Si è tenuto ieri alla Sala Koch del Senato della Repubblica l’importante convegno, organizzato dall’Unione Stampa Periodica Italiana, intitolato “Fake News – Libertà e responsabilità di informazione nell’era digitale”.
I lavori, sono stati moderati dalla giornalista Corcom Federica Meta, e, dopo il saluto istituzionale del senatore Antonio De Poli, hanno visto alternarsi al banco gli interventi del segretario generale Uspi, Francesco Saverio Vetere, del presidente dell’Ordine dei Giornalisti, Carlo Verna, del Public policy manager di Google Italia, Diego Ciulli, del direttore di Giornalistitalia.it, Carlo Parisi, e dell’esperto in materia di Diritto e Mercati dei contenuti e dei servizi online dell’Università Europea di Roma, Maurizio Gualdieri.
Antonio De Poli ha ringraziato l’Uspi per l’organizzazione di un evento su temi tanto attuali e dibattuti come quelli delle fake news, della disinformazione e della responsabilità dell’informazione. E ha sottolineato quanto “siano fondamentali sia la libertà che la responsabilità nel fare informazione oggi, soprattutto nel digitale. L’informazione del futuro è la 4.0 ma in realtà la stiamo già sperimentando. Le fonti informative sono aumentate grazie alle tecnologie e per questo è molto importante fare informazione con responsabilità, che va di pari passo con la professionalità: bisogna tutelare chi fa informazione in modo professionale, chi lo fa con serietà. La mediazione giornalistica è fondamentale ma va fatta correttamente”.
É intervenuto il segretario Uspi Vetere che ha ricordato come: “L’informazione si è sempre accompagnata alla disinformazione, non è solo un fenomeno che riguarda l’informazione online. Ci sono innumerevoli casi di disinformazione nella storia, anche nel corso del XX secolo, consistenti nell’attuazione di una precisa strategia di disinformazione su mezzi che in quel momento erano attivi: carta stampata, radio e tv. Con l’avvento delle nuove tecnologie abbiamo assistito a cambiamenti importanti anche nel sistema di fruizione dell’informazione, ma anche a nuovi sistemi di creazione dell’informazione”. E quindi ha sottolineato che: “Nel XXI secolo non si può più parlare di analfabetismo, ma si parla (da 35 anni) di analfabetismo funzionale, ovvero dell’incapacità del pubblico di esercitare una vera e reale attività critica sui testi, sulle cose che legge sono state pensate per l’informazione tradizionale, per un sistema verticale in cui il giornalista è il mediatore. Questo è necessario ancora adesso, ma l’informazione ad oggi non è più solo in mano ai giornalisti e questo va considerato mentre si ripensa il sistema, modificato dallo sviluppo tecnologico.” Infine ha concluso: “Anche la struttura dei nostri ordinamenti è lenta, ma non possiamo neanche pretendere che la legge regolamenti ogni singola parte di un fenomeno che cambia ogni 6 mesi. La tecnologia ci cambierà, ma noi possiamo unire alla tecnologia un sistema di lavoro espresso in una maniera più consona ai nuovi tempi. Siamo vecchi come istituzioni ma non come valori e questi valori sono lo scopo del nostro lavoro e dobbiamo cercare di portarli nel mondo di internet. Questo sarà il nostro lavoro futuro”.

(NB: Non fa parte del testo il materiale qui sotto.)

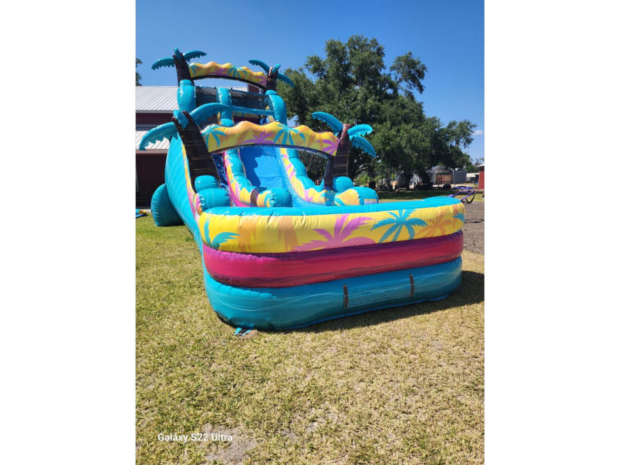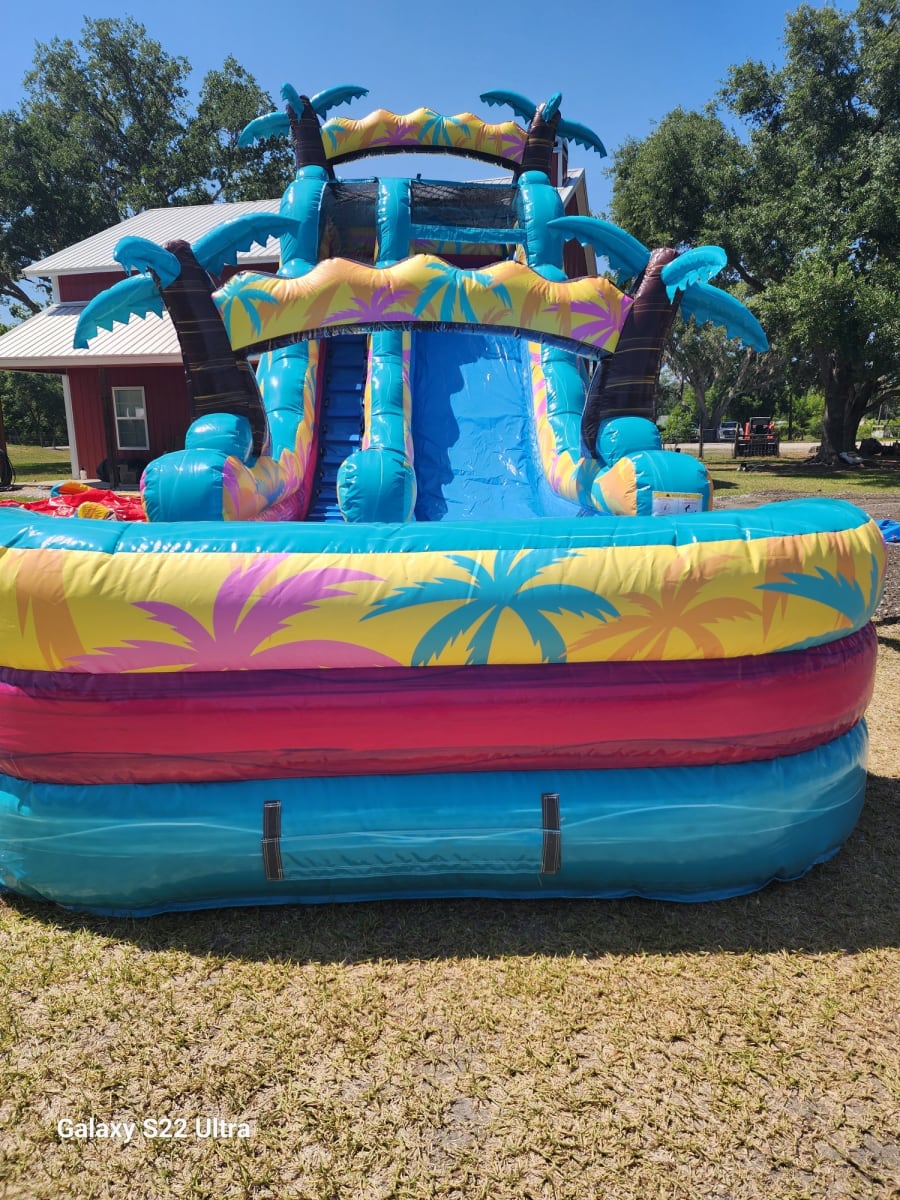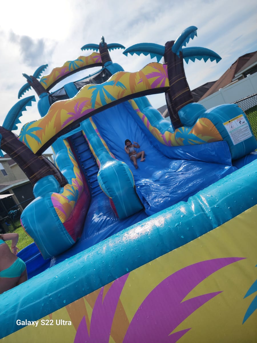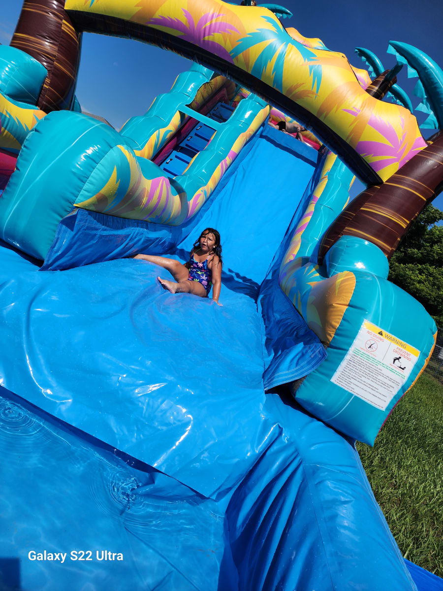 With bright, bold colors and palm tree accents, the Island Flow brings that tropical vacation energy to every event. Its long slide lane and oversized splash pool make it a favorite for kids, teens, and anyone looking to cool off in style.
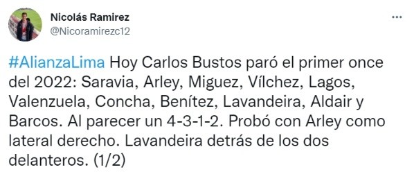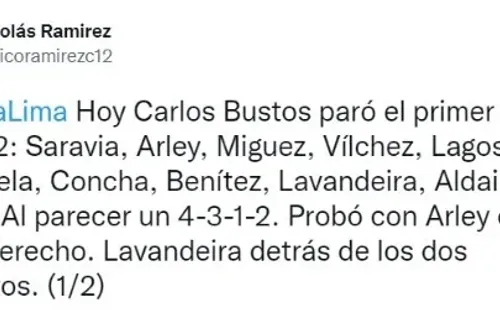 El hombre de prensa también acotó que: “Al parecer un 4-3-1-2. Probó con Arley como lateral derecho. Lavandeira detrás de los dos delanteros. El sábado disputarán un amistoso ante Cantolao. Vale aclarar que Campos, Ramos, Mora, Ballón y Farfán están con la selección”, finalizó Nicolás Ramírez en su cuenta de Twitter la información sobre Alianza Lima.
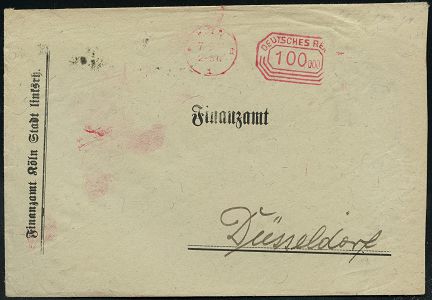 9040 | 15 € | 5000 KÖLN (Post-Freistempel) : KÖLN/ *1II/ DEUTSCHES REICH 1923 (7.9.) Infla-PFS "Achteck" 100ooo (Mark) (rechts gering nicht voll) auf Dienst-Bf.: Finanzamt Köln Stadt linksrh. n. Düsseldorf (Dü.D-3, Nr.107) | ![]() | |
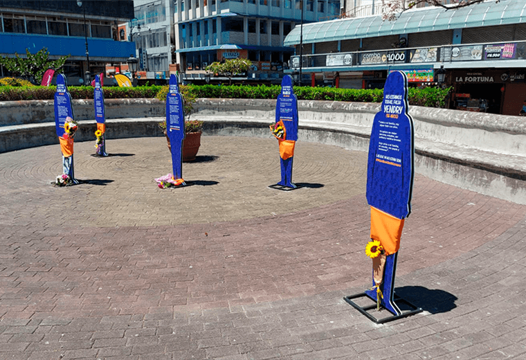 Las figuras que representan a Luany, Casandra, Yendry, Marisol, Fernanda, Grettel y otras víctimas de femicidio fueron colocadas en el Parque Central de San José para generar conciencia en la población.

Carlo Verna, presidente dell’Ordine dei Giornalisti, all’inizio del suo intervento, ha chiarito: “Le cose dal 1963 (anno in cui è stata promulgata la legge n. 69 che regolamenta la professione), sono cambiate molto, non ci sono più pochi soggetti che fanno informazione, ormai è una questione che riguarda tutti. Il fenomeno è nuovo e sovranazionale, il cambiamento è tumultuoso, paragonabile solo a quando tutto cominciò”. Per Verna, inoltre, è fondamentale rendersi conto di come “gli algoritmi e la pubblicità personalizzata orientino le nostre scelte, è come se fosse una maxi-fake news. È per questo che è importante che l’Ordine combatta questa battaglia e noi vogliamo farlo, confrontandoci con tutti i soggetti che si sono accorti della pericolosità della situazione transitoria attuale”.
Quindi è intervenuto Diego Ciulli, Public Policy manager di Google Italia che ha spiegato: “È fondamentale identificare il nemico per poterlo contrastare. Il nemico non sono le fake news ma la disinformazione. Non si devono contrastare le bugie, perché fanno parte del sistema democratico, ciò che si deve combattere è la disinformazione, ovvero qualcosa di calcolato per distogliere l’attenzione del pubblico e manovrare il pensiero”. In chiusura poi, ha aggiunto: “Abbiamo l’urgenza di educare i cittadini alla bellezza della pluralità informativa, senza però fidarsi di qualsiasi cosa leggano in rete”.